The health infrastructure in the district is inadequate with only 12 hospitals, 37 Primary Health Centres (PHCs) and 6 Community Health Centres (CHCs). According to the norms adopted at the national level, a substantial strengthening is required; PHCs need to be twice and the CHCs thrice the existing numbers. For hospitalised care, the bed strength available is only 815 which amounts to one bed for every 2500 persons as against the norm of one bed per thousand. In terms of locational accessibility, only one fourth of the villages in the district have any medical facility, the majority having access within 3 kilometres, while for 10 per cent of the villages such facility is more than 3 kilometres away. Since the public health care is generally cheaper than from the private sources, the lack of public facilities both for domiciliary and hospitalised treatments hits the poor and the low income groups the hardest.
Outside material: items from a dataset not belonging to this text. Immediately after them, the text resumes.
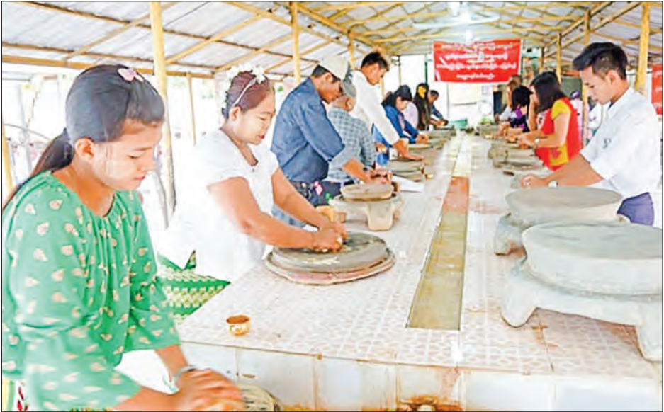
Myanmar women and men are seen grinding the thanaka on Kyauk Pyin(stone slabs).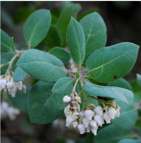
Hairy Manzanita ( Arctostaphylos tomentosa )

We will be speaking in a generic sense about the healing qualities of the manzanita species.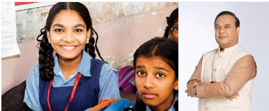
Assam Mukhya Mantri Nijut Moina Scheme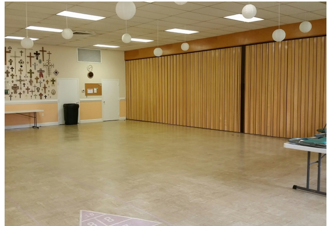
Fellowship Hall Divided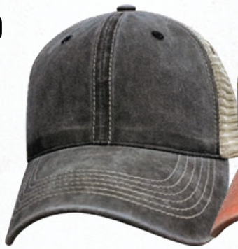
CHARCOAL / KHAKI #82LPD-CHK

6 PANEL PIGMENT DYED CAP • RELAXED FRONT • POPLIN SWEATBAND • SEWN EYELETS • SLIGHTLY EXTENDED BILL • PRECURVED BILL • MESH BACK • HOOK & LOOP CLOSURE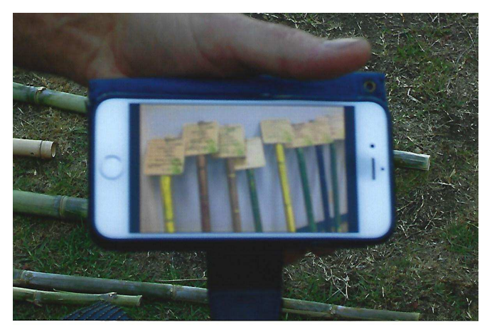
Figure 17 Phone screen showing bamboo signs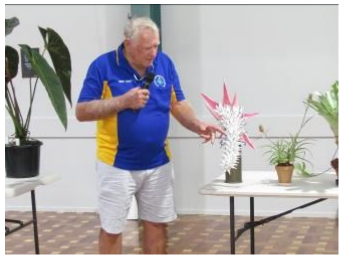
Show and Tell by Doug Cross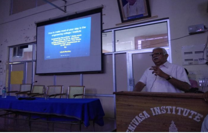
Guest Lecture on "How to make most of your stay in the Engineering college/Institute" on 20th September 2018.

Department of Science & Humanities, SITAMS Newsletter: July–December (2018)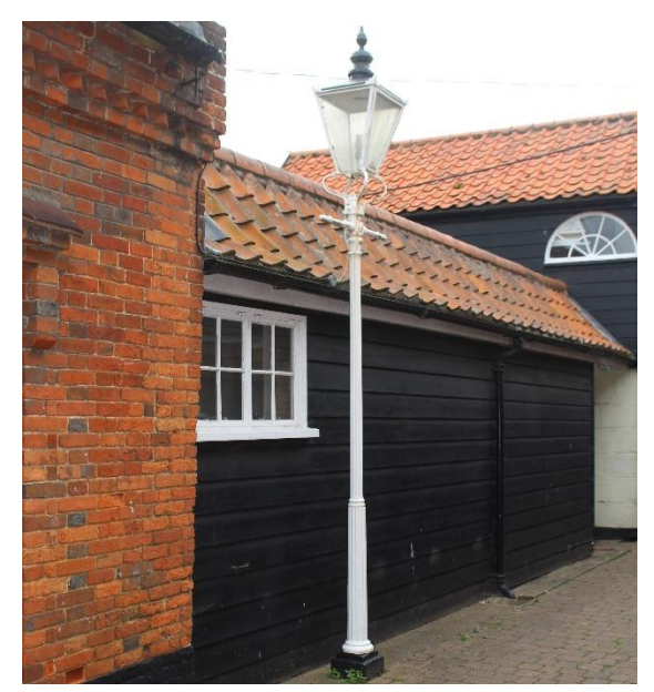
Gas light outside Southwold Museum, Victoria Street

Southwold Museum, Victoria Street (Grade II)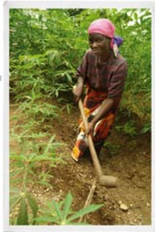
Farmer weeding a cassava field in Neno district, Malawi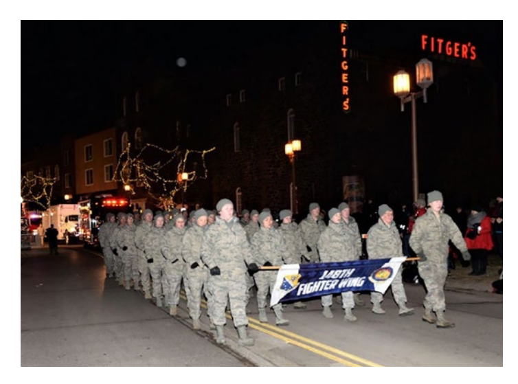
Continuing a longstanding tradition, members of the 148th Fighter Wing assemble to march in the Christmas City of the North Parade in downtown Duluth in November 2019.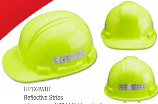
HP1X4WHT Reflective Strips (shown on a HP241/44 hard hat)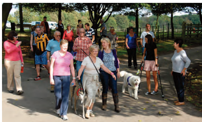
Walkers enjoying their day in Weston Park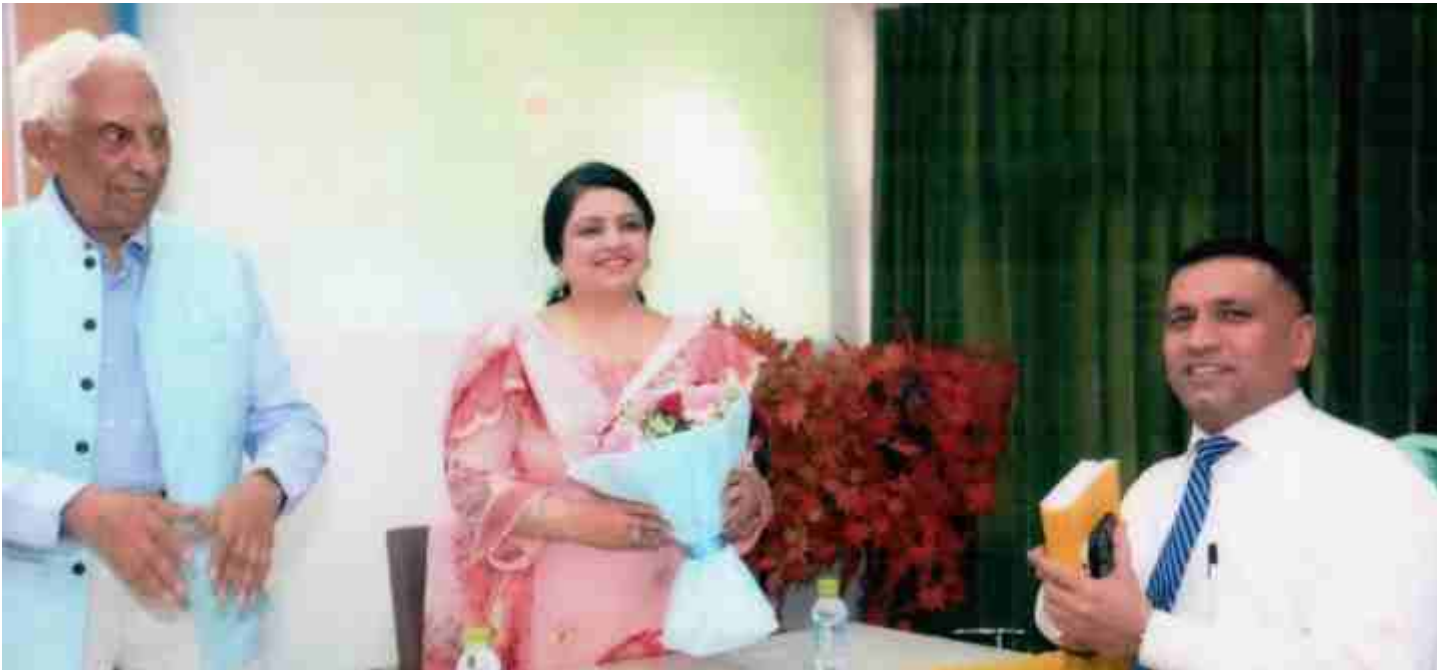
World Poetry Day being celebrated on the college campus

NOTE: Hostel dues, once paid, WILL NOT be refunded under any circumstances. No applications for refund will be entertained in this regard.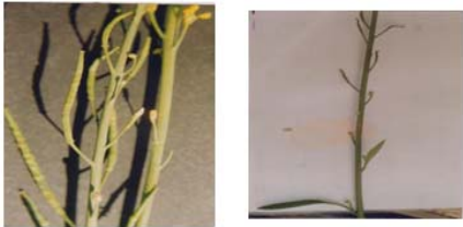
(A) In cms Tounefortii (B) in cms Trachystoma

The Trachystoma male sterile line was late in flowering by 6-7 days while Ogura , Tournefortii and Oxyrrhind were late by 10-12 days. Flowering in Moricandia male sterile system was delayed by 30-35 days, making it difficult to pollinate with its maintainer line. To overcome these difficulty plants of the maintainer lines were pruned before initiation of flowering and thus some flowers on newly emerged branches of maintainer lines were obtained for pollination. In Ogura , Tournefortii and Trachystoma male sterile systems many flower buds on the inflorescence did not open. Most of them did not develop in to fruits and abscised after several days. In Tounefortii and Trachystoma rarely a "cleistogamous bud may develop into a fruit (figs. 2 A & B) On close examination it was found that these buds had protruded stigmatic lobes which might have facilitated cross pollination.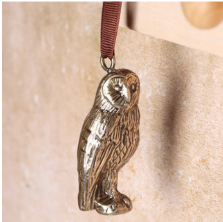
OWL SKU HDOWL1 AVAILABLE IN PACKS OF 5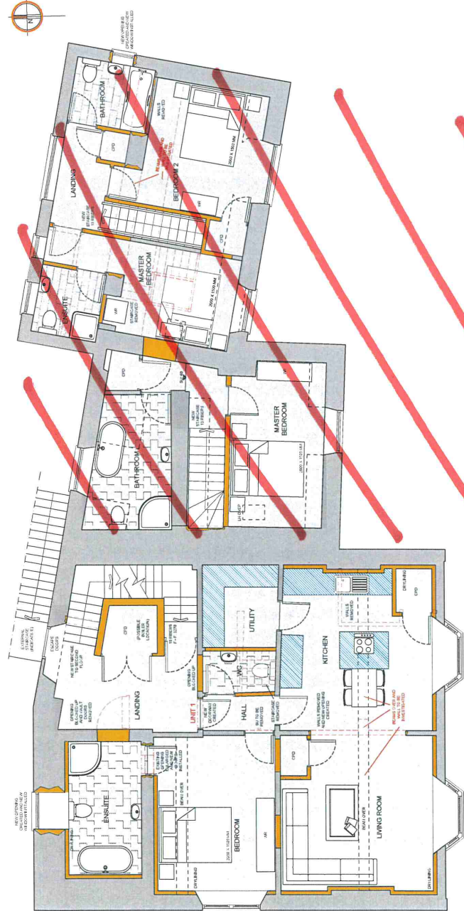
FIRST FLOOR PLAN (REVISED)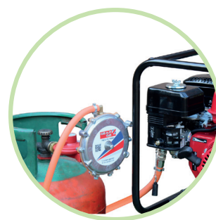
LPG conversion kit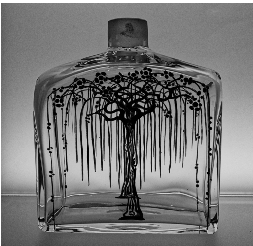
Vuitton Perfume Bottle By: Urvine Atkinson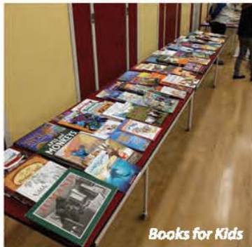
Books for Kids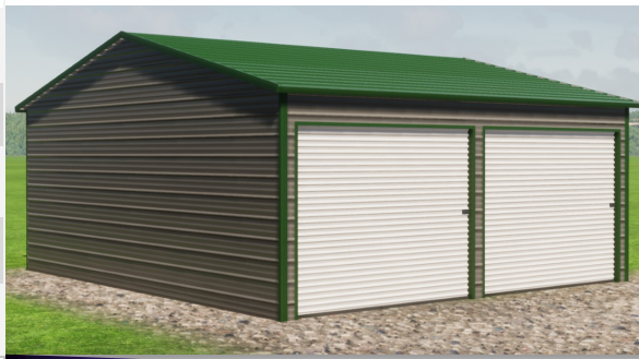
Boxed Eave Style

BOXED EAVE HAS 6" ROOF OVERHANG ON FRONT, BACK AND SIDE EAVES.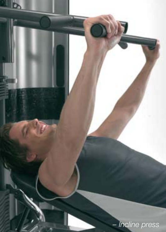
- Incline press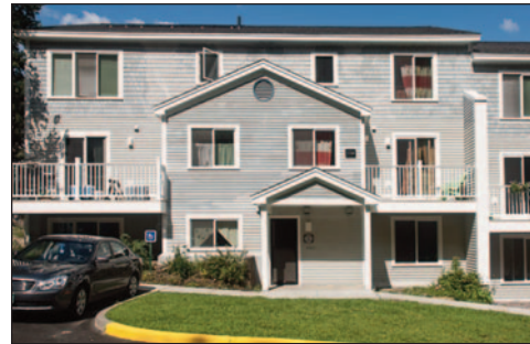
Burlington Land Trust rental housing, Vermont.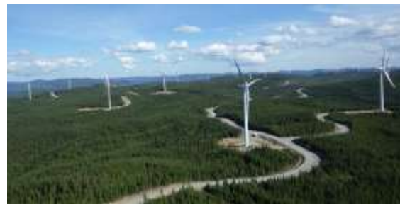
Rivière-du-Moulin Wind Farm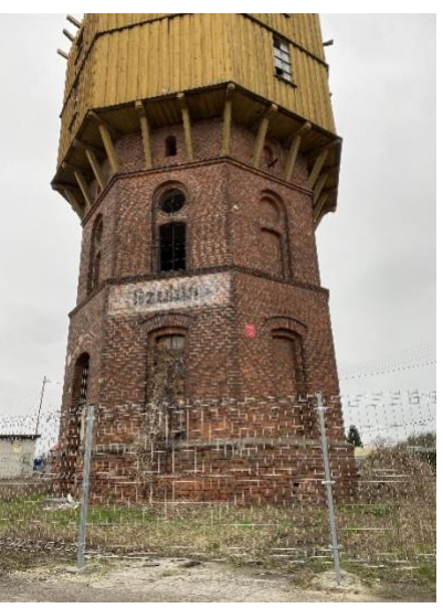
Szubin Water Tower circa 2020. Likely the first thing prisoners saw upon arrival

German guards. Conversations that would humanize the situation and perhaps (he hoped) would lead to better treatment and more rations. He found that walking was his best therapy so he would endlessly walk the perimeter of the camp. Almost two years of his life were spent here under conditions that Americans today cannot fathom or understand.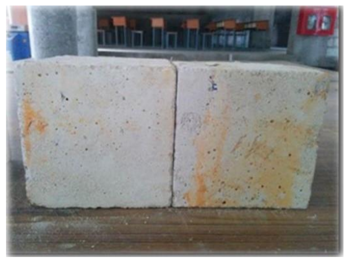
Fig 1: Hydrochloric Acid Attack on Concrete

Ordinary Portland Cement (OPC) is highly alkaline in nature with pH values above 12. When the cement paste comes into contact with the acids its components break down, this phenomenon is known as acid attack. If pH decreases to values lower than stability limits of cement hydrates, then the corresponding hydrate loses calcium and decomposes to amorphous hydrogel. The final reaction products of acid attack are the corresponding calcium salts of the acid as well as hydrogels of siliceous, aluminium, and ferric oxides.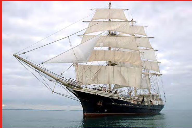
John's family were inspired to launch the bursary after seeing the Class A Tall Ship Tenacious (UK).

This year, we were able to support three fantastic projects run by Brigs Youth Sail Training ($5,000CAN), EcoMaris ($10,000CAN) and Adventure Under Sail ($5,000CAN).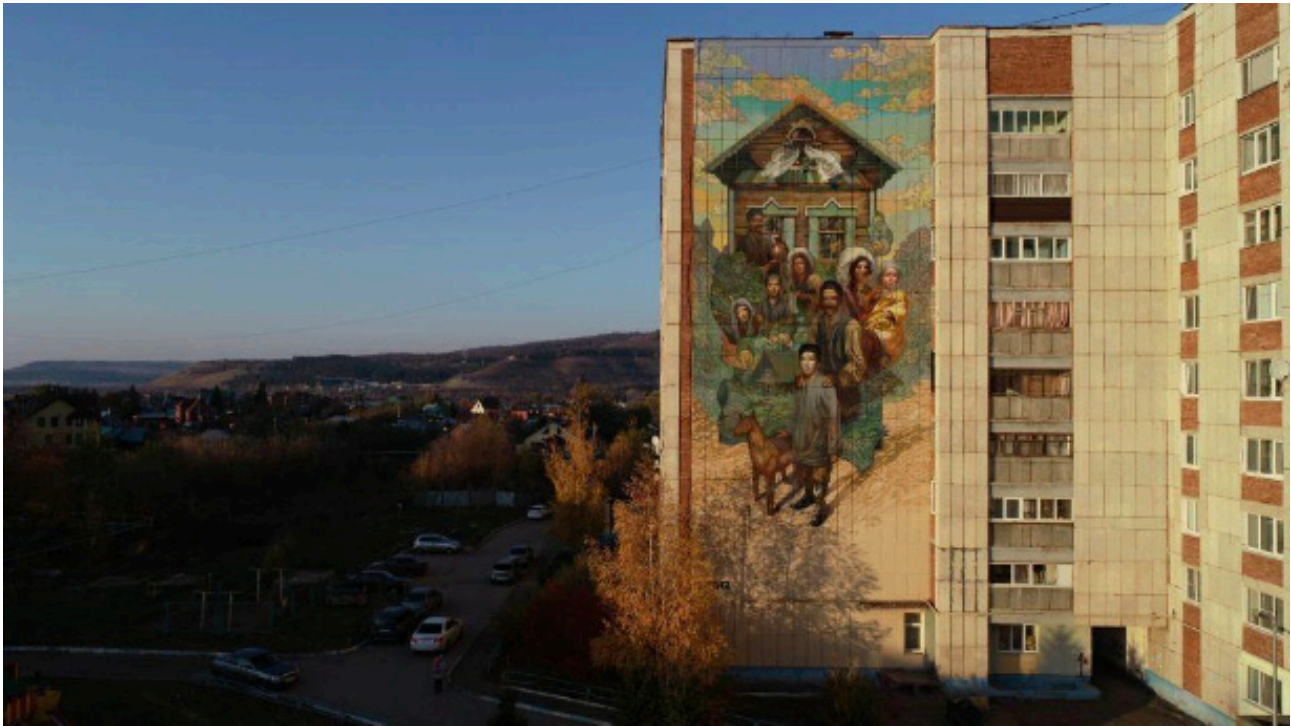
Figure 5 Basil LST (Irkutsk). Nadyr Urazmetov. Heritage, 2018.

According to survey respondents there are several theories of the origin of oil: the organic theory: oil occurs when sediment-containing layers of organic matter reach the so-called “oil window”: that is, several kilometers underground, at high pressure and temperatures; inorganic theory: oil come from deeper layers, for example, condensing from rising gas fractions; space theory: oil was brought to Earth with meteorites (Fig. 3, 4).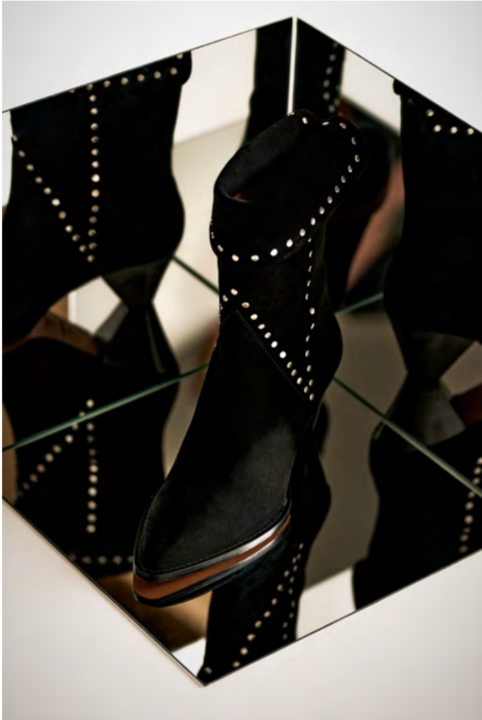
D6KAIA SUEDE STUDED ANKLE BOOTS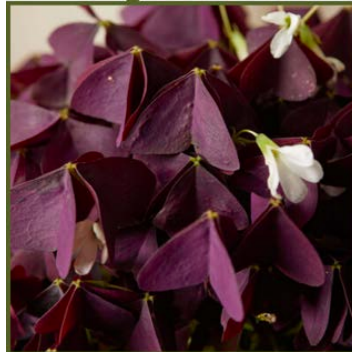
Sebastopol Microgreens #13648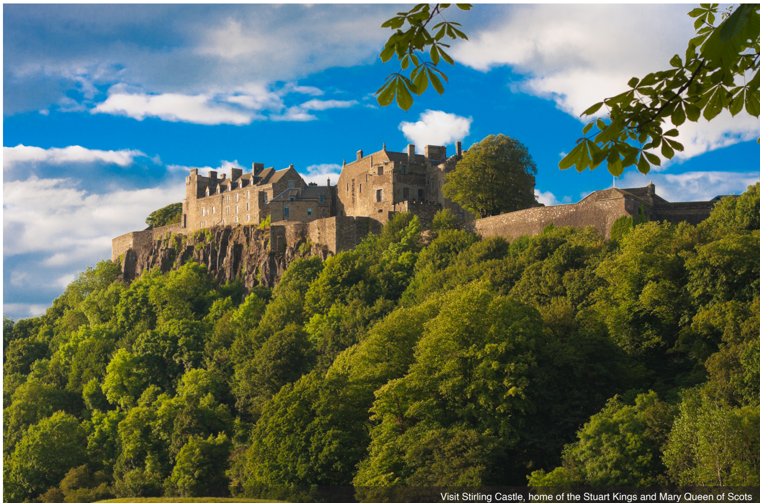
Visit Stirling Castle, home of the Stuart Kings and Mary Queen of Scots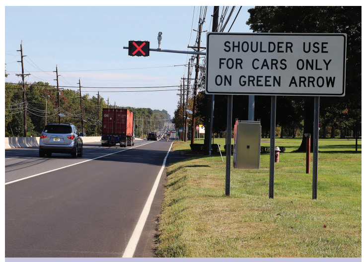
Pictured: Route 1 Hard Shoulder Running Program

NJDOT's Route 1 Hard Shoulder Running Program in South Brunswick, which improved congestion and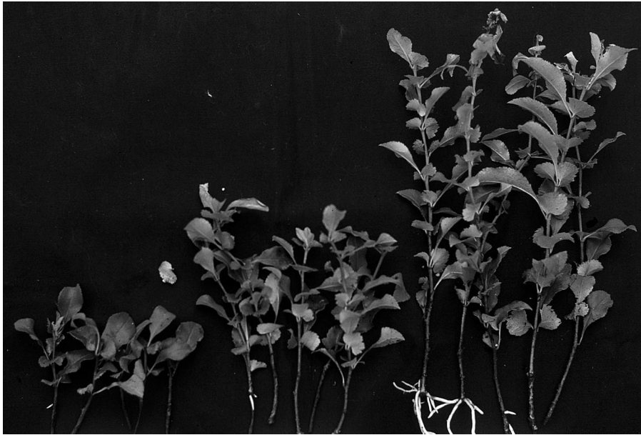
Figure 1. Rooting of Japanese quince ( C. japonica ) softwood cuttings strongly depended on the length of the cutting, and long cuttings (approx. 20 cm) rooted best.

the length of the cuttings is one of the factors that may limit propagation efficiency, since when new varieties are released there is often a shortage of cutting material.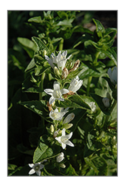
Bellefleur White Clustered Bellflower flowers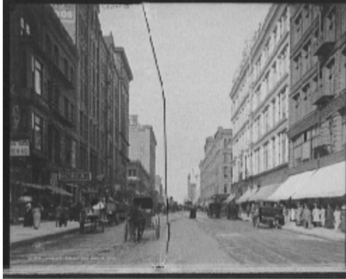
Nicollet Avenue, Minneapolis, Minnesota

Mr. Nicollet was extensively known throughout the United States, and his worth and kindness, as well as his singular talents and acquirements, were generally appreciated. The news of his death will excite general regret both at home and abroad. Of an ardent mind and delicate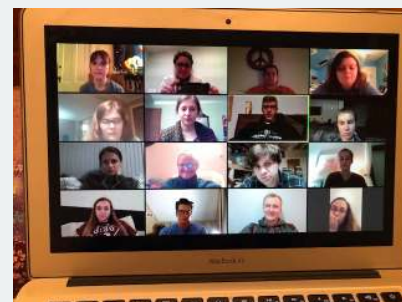
Servant leader meetings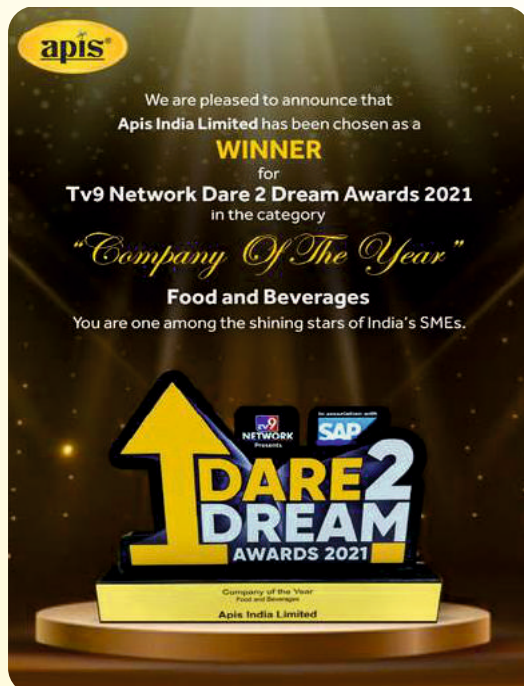
Tv9 Network Dare 2 Dream Awards 2021 in the category COMPANY OF THE YEAR Food and Beverages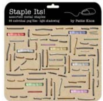
Staple Its! by Pattie Knox

Don't forget about Thrifty Thursday where over 200 items from various designers are marked down 30%! You can check out the items in the store and mark your calendar for an email reminder on the calendar . And you only need to sign up once for weekly reminders!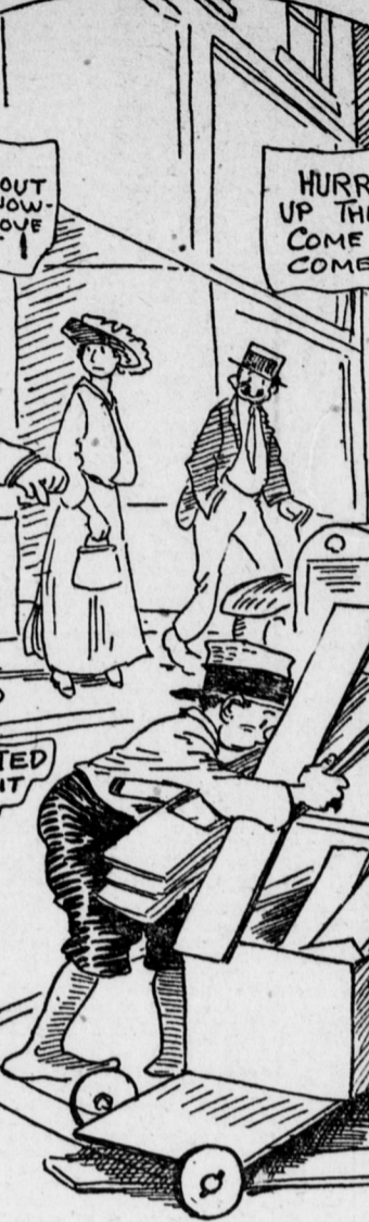
Democratic Carbondale shows a Republican gain.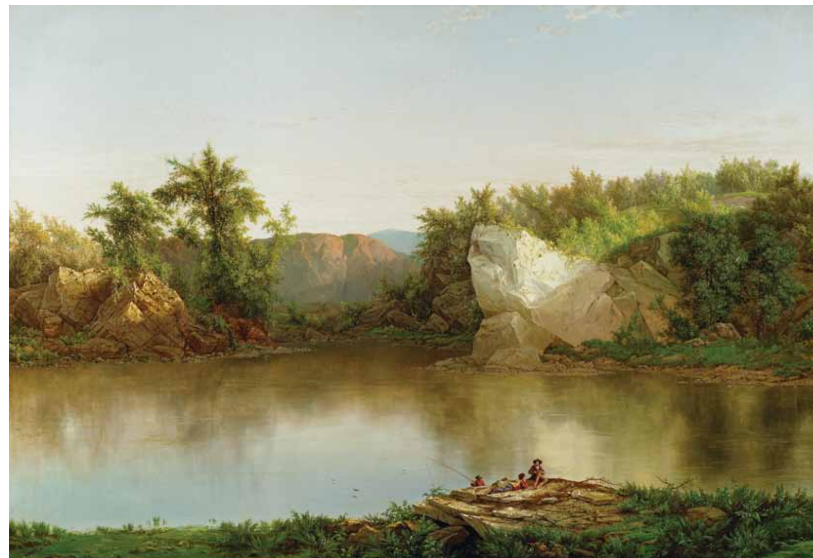
William Mason Brown (1828–1898) Landscape with Figures Oil on canvas 22 1 / 4 x 32 5 / 16 inches Monogrammed lower left: WMB.

It is also noteworthy that in rural areas of Andhra Pradesh out-patient treatment is 4 times costlier than in the urban areas. It is for these reasons that various groups of workers as well as women seem to consider health services as the most important priority requiring attention. For this benefit, a willingness has also been expressed for making regular monetary contributions. Insurance against death and disability and credit facility are other areas where need for security appears to be keenly felt by the workers.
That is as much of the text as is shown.